Exercise goal:
In the material beneath, how many lines contain the word "with"? Give the count alone.

--- Dataset ---

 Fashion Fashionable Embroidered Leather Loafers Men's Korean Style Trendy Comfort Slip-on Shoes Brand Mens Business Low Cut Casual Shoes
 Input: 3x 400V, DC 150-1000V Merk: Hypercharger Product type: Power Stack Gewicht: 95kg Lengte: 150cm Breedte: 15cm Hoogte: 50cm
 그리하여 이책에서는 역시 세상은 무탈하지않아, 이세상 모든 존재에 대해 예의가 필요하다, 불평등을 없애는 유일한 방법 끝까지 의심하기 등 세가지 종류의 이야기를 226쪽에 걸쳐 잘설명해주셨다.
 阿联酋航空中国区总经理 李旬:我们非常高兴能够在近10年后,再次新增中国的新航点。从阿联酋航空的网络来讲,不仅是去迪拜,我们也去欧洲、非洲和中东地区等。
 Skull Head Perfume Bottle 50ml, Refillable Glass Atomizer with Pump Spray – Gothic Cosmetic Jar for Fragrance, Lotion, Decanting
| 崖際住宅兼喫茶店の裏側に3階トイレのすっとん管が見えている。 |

---
--- Dataset ---

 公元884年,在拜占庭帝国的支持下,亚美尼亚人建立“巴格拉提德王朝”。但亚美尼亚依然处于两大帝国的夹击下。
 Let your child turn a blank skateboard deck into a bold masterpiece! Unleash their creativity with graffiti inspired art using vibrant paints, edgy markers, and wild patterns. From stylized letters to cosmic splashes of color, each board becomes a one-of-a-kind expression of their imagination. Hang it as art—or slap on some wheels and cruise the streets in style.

---

Response to this exercise:
2